KYC違反への対応として、FCCはキャリアのネットワークから発信された違法電話の件数に応じて、比例的なペナルティを課す仕組みの導入も検討しています。つまり、自社ネットワークからスパム電話が多く発信されているキャリアほど、重い制裁を受ける可能性があるという考え方です。

AT&T・T-Mobile・Verizonといった大手キャリアも当然この規制の対象となります(これらはいずれも米国キャリアであり、本規制は米国版のみに適用されます)。ソース記事では、比例的ペナルティの具体的な段階基準や上限金額については詳細が記載されておらず、FCCが今後のパブリックコメントを踏まえてルール内容を策定する段階にあります。

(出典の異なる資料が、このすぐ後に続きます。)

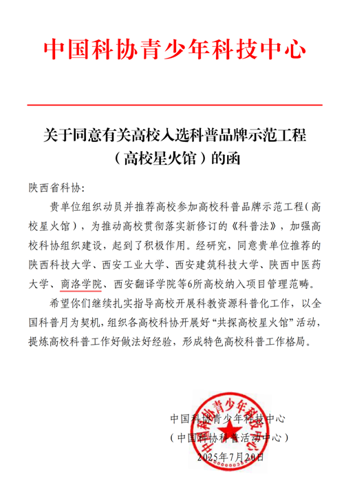 近日,中國科協(xié)青少年科技中心公布了高??破掌放剖痉豆こ蹋ǜ咝P腔痧^)入選名單,我校憑借在科普資源轉(zhuǎn)化、科普社會服務等工作中的突出表現(xiàn)成功入選,獲得國家級平臺的認可與支持,標志著我校科普工作邁上更高臺階。

この仕組みが実現すれば、キャリアがスパム電話対策に積極的に取り組む経済的インセンティブが生まれ、ユーザーが受け取るスパム電話の総量が減少する可能性があります。では、スパム電話問題と並行して進む安全保障上の規制はどうなっているのでしょうか。

外国企業・海外認証機関の見直し——安全保障の観点からも規制強化

FCCは通話品質の問題にとどまらず、安全保障上の観点からも米国内での規制を強化します。

FCCの「カバードリスト(covered list)」とは、安全保障上の懸念から米国での機器販売を禁止されている外国企業のリストです。すでにリスト掲載企業は米国での機器販売が禁止されていますが、Carr氏によると「これらの企業の多くが、国際電気通信事業者の法的定義に該当しないサービスを提供することで、米国内での事業を継続している、あるいは継続している可能性がある」とのことです。新ルールのもとでは、こうした企業は改めて認可申請が必要となり、米国内の事業者に与えられている包括的な認可を利用できなくなります。

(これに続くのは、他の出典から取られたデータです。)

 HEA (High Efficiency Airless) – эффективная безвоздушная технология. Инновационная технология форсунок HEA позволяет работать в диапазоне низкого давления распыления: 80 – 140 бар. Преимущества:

さらに3つ目の提案として、FCCは米国の試験機関・認証機関との相互協定(reciprocity agreement)を持たない海外の試験機関・認証機関を、今後は認めない方針を示しています。Carr氏は「これにより、機器認証プロセスの完全性を保証するための十分な監視・監督・執行権限をFCCが持てるようになる」と述べています。

Q&A

Q. 今回の提案はいつから施行されますか? 現時点では、FCCはKYCルールの実施方法についてパブリックコメントを募集している段階です。パブリックコメントとは、規制当局が規則を策定する際に広く意見を募集する公式手続きのことで、米国では一般市民や事業者が意見を提出できます。具体的な施行時期は確認されていません。

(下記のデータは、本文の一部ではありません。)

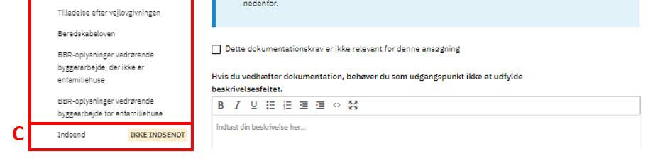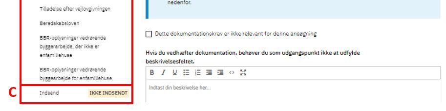 Når du er færdig med udfyldelsen, trykker du Indsend (C) samme sted som før.

Q. カバードリストとは何ですか? FCCの「カバードリスト(covered list)」とは、安全保障上の懸念を理由に米国での機器販売が禁止されている外国企業を列挙したリストです。今回の提案では、このリストに掲載されながらも定義の抜け穴を利用して米国内で事業継続している可能性のある企業を、あらためて規制の対象に含める方針が示されています。

Q. AT&T・T-Mobile・Verizonは今後ペナルティを受けるのですか? 現時点では提案段階であり、ペナルティの具体的な基準や対象事業者は確定していません。FCCがパブリックコメントを踏まえてルールを策定する段階に入っています。